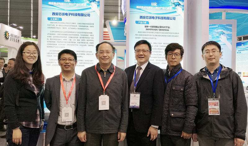 陜西省半導(dǎo)體行業(yè)協(xié)會理事長邱義路先生(左三)、秘書長何曉寧先生(左二)光臨芯派展臺并與芯派科技總裁羅義先生(左四)合影
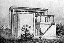 Our story takes us back many thousands of years to Egypt, the cradle of civilization. From Egypt it will take us to Greece, thence to Rome, thence to the countries of Northern Europe, thence to America. What kind of houses did the Egyptians first build? They built as simple a structure as can be imagined; they erected four walls and over these they placed a flat roof (Fig. 5). The roof was made flat because in Egypt there is scarcely any rain and there was no need for a roof with a slant. In all those countries where rain seldom falls, or never falls, the flat roof is the natural roof (Fig. 6). Although their buildings were simple in construction the Egyptians left behind them most remarkable specimens of the builder's art. Their pyramids and monuments and sphinxes and palaces have always been foremost among the great wonders of the world. Figure 7 shows the interior of an ancient Egyptian palace. This palace had only an awning for a roof. That was all that was necessary to keep out the rays of the sun. Notice the lofty pillars or columns of this building. You see they are adorned above or below with the figure of the lotus, the national flower of the Egyptians. The column, as we shall see, plays an important part in the history of the house and it was ancient Egypt that gave the world its first lessons in the art of making columns.
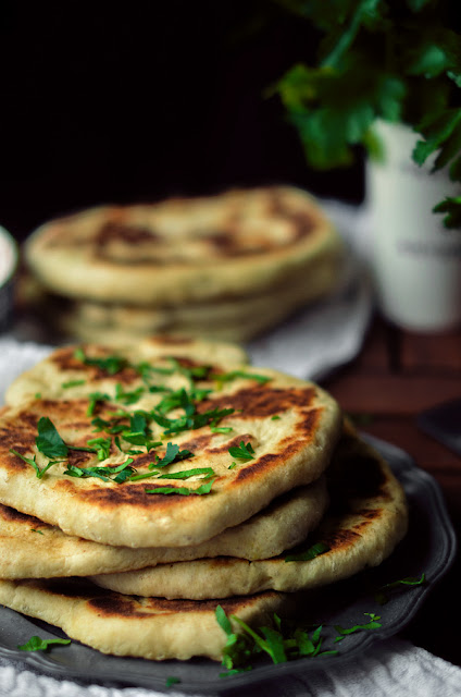 Nie wiem dlaczego, tyle czasu wzbraniałam się ze zrobieniem domowych chlebków naan. Nie kupowałam też w sklepie, po prostu ich nie jadłam. Zadaję sobie to pytanie, ponieważ chlebki naan to jedno z najlepszych dobroci, jakie moglibyśmy sobie wyobrazić. Są bardzo proste w przygotowaniu i smakują świetnie z curry, dipami, hummusem... można wymieniać bez końca. Odkąd zrobiłam je jakieś pół roku temu po raz pierwszy, regularnie pojawiają się w mojej kuchni. Koniecznie spróbujcie wersji domowej i ugotujcie jakieś dobre, rozgrzewające curry, których na blogu zresztą nie brakuję. Możecie też chwilę poczekać, ponieważ na blogu zapowiada się bardzo smaczny przepis kuchni indyjskiej:) Będziecie zachwyceni, mówię Wam!
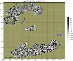 Un exemple de données recueillies dans le domaine archéologique par l'usage de cette technique d'investigation géophysique est fourni par un relevé du site archéologique d'Aphrodisias, en Turquie, effectué dans le cadre d'un programme de recherche parrainé par l'université de New York[9]. L'étude de la résistance électrique de ce site de l'époque hellénistique menée par Lewis Somers, entre 1995 et 1998[10], a couvert environ 20 hectares de terrain non excavé[9], environ 200 000 mètres carrés[10]. L'étude a permis de révéler que le tracé de la ville s'est conformé à suivre un plan en grille et de préciser que dans les zones d'habitation, les îlots urbains, ont une largeur de 35,5 mètres ou 120 pieds ioniques et une longueur de 39,0 mètres ou 132 pieds ioniques[10]. De même, elle a révélé que les places publiques et les bâtiments civils du centre de la ville ont été planifiés selon la même grille, comme le montre très clairement le tracé de l'Agora du Nord (la place publique principale)[10].
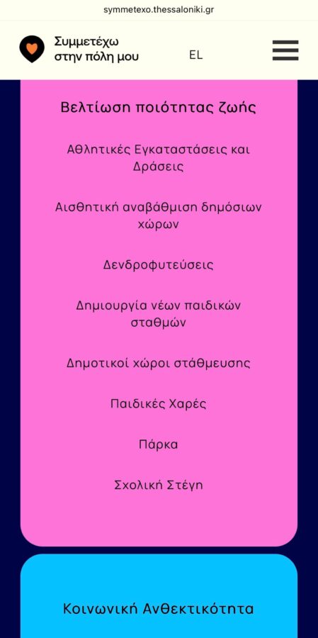 Παράλληλα, βρίσκεται ήδη σε λειτουργία μια δεύτερη εφαρμογή με τον τίτλο «Συμμετέχω στην Πόλη μου» (symmetexo.thessaloniki.gr). Μέσω αυτής, οι πολίτες μπορούν να βλέπουν τις παρεμβάσεις, τα μικρά και μεγάλα έργα, που γίνονται μέσω χορηγιών ή προγραμμάτων εταιρικής κοινωνικής ευθύνης.
□ □ □ □ □ □ □
EXERCISE AIM:
Pictures aside, restate the entries word for word.

OUTPUT FOR THIS TASK:
 陜西省半導(dǎo)體行業(yè)協(xié)會理事長邱義路先生(左三)、秘書長何曉寧先生(左二)光臨芯派展臺并與芯派科技總裁羅義先生(左四)合影
 Our story takes us back many thousands of years to Egypt, the cradle of civilization. From Egypt it will take us to Greece, thence to Rome, thence to the countries of Northern Europe, thence to America. What kind of houses did the Egyptians first build? They built as simple a structure as can be imagined; they erected four walls and over these they placed a flat roof (Fig. 5). The roof was made flat because in Egypt there is scarcely any rain and there was no need for a roof with a slant. In all those countries where rain seldom falls, or never falls, the flat roof is the natural roof (Fig. 6). Although their buildings were simple in construction the Egyptians left behind them most remarkable specimens of the builder's art. Their pyramids and monuments and sphinxes and palaces have always been foremost among the great wonders of the world. Figure 7 shows the interior of an ancient Egyptian palace. This palace had only an awning for a roof. That was all that was necessary to keep out the rays of the sun. Notice the lofty pillars or columns of this building. You see they are adorned above or below with the figure of the lotus, the national flower of the Egyptians. The column, as we shall see, plays an important part in the history of the house and it was ancient Egypt that gave the world its first lessons in the art of making columns.
 Nie wiem dlaczego, tyle czasu wzbraniałam się ze zrobieniem domowych chlebków naan. Nie kupowałam też w sklepie, po prostu ich nie jadłam. Zadaję sobie to pytanie, ponieważ chlebki naan to jedno z najlepszych dobroci, jakie moglibyśmy sobie wyobrazić. Są bardzo proste w przygotowaniu i smakują świetnie z curry, dipami, hummusem... można wymieniać bez końca. Odkąd zrobiłam je jakieś pół roku temu po raz pierwszy, regularnie pojawiają się w mojej kuchni. Koniecznie spróbujcie wersji domowej i ugotujcie jakieś dobre, rozgrzewające curry, których na blogu zresztą nie brakuję. Możecie też chwilę poczekać, ponieważ na blogu zapowiada się bardzo smaczny przepis kuchni indyjskiej:) Będziecie zachwyceni, mówię Wam!
 Un exemple de données recueillies dans le domaine archéologique par l'usage de cette technique d'investigation géophysique est fourni par un relevé du site archéologique d'Aphrodisias, en Turquie, effectué dans le cadre d'un programme de recherche parrainé par l'université de New York[9]. L'étude de la résistance électrique de ce site de l'époque hellénistique menée par Lewis Somers, entre 1995 et 1998[10], a couvert environ 20 hectares de terrain non excavé[9], environ 200 000 mètres carrés[10]. L'étude a permis de révéler que le tracé de la ville s'est conformé à suivre un plan en grille et de préciser que dans les zones d'habitation, les îlots urbains, ont une largeur de 35,5 mètres ou 120 pieds ioniques et une longueur de 39,0 mètres ou 132 pieds ioniques[10]. De même, elle a révélé que les places publiques et les bâtiments civils du centre de la ville ont été planifiés selon la même grille, comme le montre très clairement le tracé de l'Agora du Nord (la place publique principale)[10].
 Παράλληλα, βρίσκεται ήδη σε λειτουργία μια δεύτερη εφαρμογή με τον τίτλο «Συμμετέχω στην Πόλη μου» (symmetexo.thessaloniki.gr). Μέσω αυτής, οι πολίτες μπορούν να βλέπουν τις παρεμβάσεις, τα μικρά και μεγάλα έργα, που γίνονται μέσω χορηγιών ή προγραμμάτων εταιρικής κοινωνικής ευθύνης.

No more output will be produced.